Lithuanian Institute of History
Kraziu 5
2001 Vilnius
Lithuania
staliun@takas.lt

Andreas Kappeler, one of the best-known researchers studying the history of Russia as a poly-ethnic empire, once remarked that the nationalities question in the 19th-century Russian empire is much less well researched than the same issue in Austria-Hungary.1 This comment may indeed be accurate, but in recent years various non-dominant ethnic groups within Russia have attracted the attention of many a scholar, as has the empire's nationality policy. Despite these new studies, many areas remain open to dispute. One such contentious issue concerns the aims behind the Russian authorities' nationality policy. In other words, we should be asking whether the Russian authorities sought to Russify other ethnic groups. Historians have noted on more than one occasion that Russian nationality policy changed in the 19th century and was not applicable equally to all ethnic groups. Even in cases where Russian policy clearly pertains to a particular non-dominant ethnic group, scholarly opinion does not always concur.

At present, most scholars in Western countries agree that the Russian authorities did not seek the Russification of non-dominant ethnic groups. Theodore R. Weeks notes that in the Lithuanian case the situation is quite complex: "Did, then, official policy aim to assimilate Lithuanians into Russian culture or to 'Russify' them? No easy answer can be given to this question."2 Although this opinion does prevail in Western countries, in Eastern and Central [End Page 273] Europe we often encounter the opposite point of view.3 Lithuanian scholarship has already abandoned the previously quite popular assertion that from the end of the 18th century on, the Russian imperial authorities sought to assimilate Lithuania in the cultural sense. Today historians detect such intentions only within the period between 1863 and circa 1868.4

When we analyze various scholarly claims, we can detect another tendency. Historians who belong to formerly non-dominant ethnic groups—Belarusians, Poles, Lithuanians, and the like—direct their research most often to analyzing particular means of implementing nationality policy, while among Russian and West European scholars the topic of so-called Russian national discourse analysis is becoming increasing popular (i.e., they study how Russia's political elite and society understood nationality [ethnicity], how they imagined Russia's future, etc.).5 Of course, to a large extent such varied points of departure influence the conclusions that are drawn regarding the aims of Russian nationality policy.
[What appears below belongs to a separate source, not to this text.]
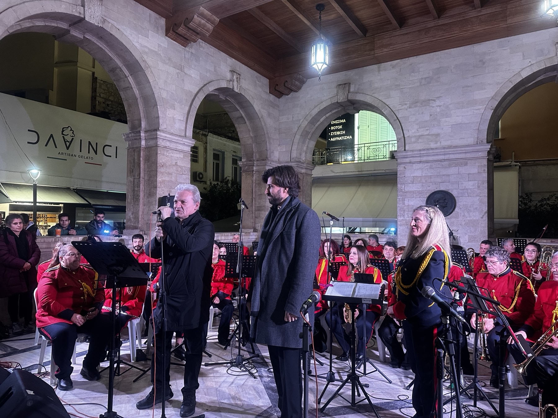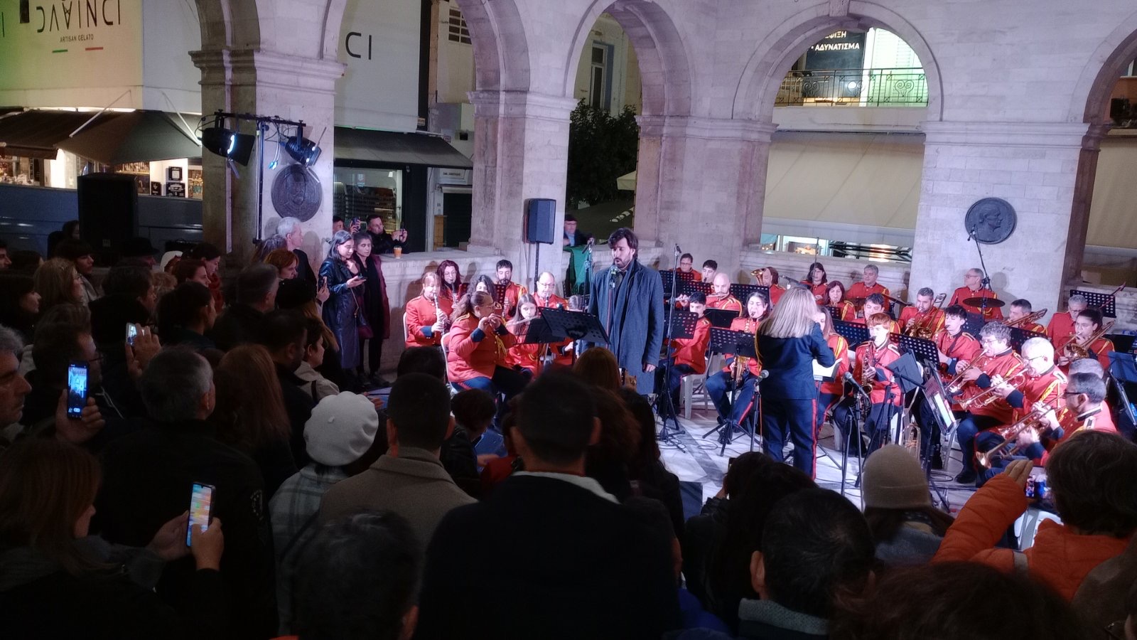 Μάγεψε με τις Χριστουγεννιάτικες μελωδίες της και άλλα τραγούδια η Φιλαρμονική του Δήμου Ηρακλείου τους Ηρακλειώτες, τις Ηρακλειώτισσες αλλά και τους επισκέπτες που βρέθηκαν την Παραμονή των Χριστουγέννων στο αίθριο της Λότζια, για μια μοναδική συναυλία με το βαθύφωνο Μάνο Χριστοφακάκη που καθήλωσε το κοινό με την ερμηνεία του. Την ορχήστρα της Φιλαρμονικής διηύθυνε η αρχιμουσικός Δέσποινα Σκανδαλάκη ενώ την προσαρμογή-ενοργάνωση κομματιών έκανε ο Δημήτρης Βασμαρής.

In this article I examine imperial nationality policy in only one region of the Russian empire, the Northwestern region [Severo-zapadnyi krai ] which in the mid-19th century comprised six provinces (Vil´na [Vilnius], Kovno [Kaunas], Minsk, Grodno, Vitebsk, and Mogilev). I attempt to determine whether the Russian authorities wanted to Russify the inhabitants of these provinces. In this case, Russification is taken to mean "cultural assimilation." I would like, however, to state a few caveats from the outset. This article does not analyze Russian policy toward the Jews, because this policy was specific and requires a separate study.6 I also do not address the Belarusian case, as Belarusians, like the Ukrainians, were considered to be a component part of the Russian nation and as such were not permitted any separate national expression after the 1863 Uprising was repressed. Thus we will deal in essence with just the Lithuanians and the Poles. [End Page 274]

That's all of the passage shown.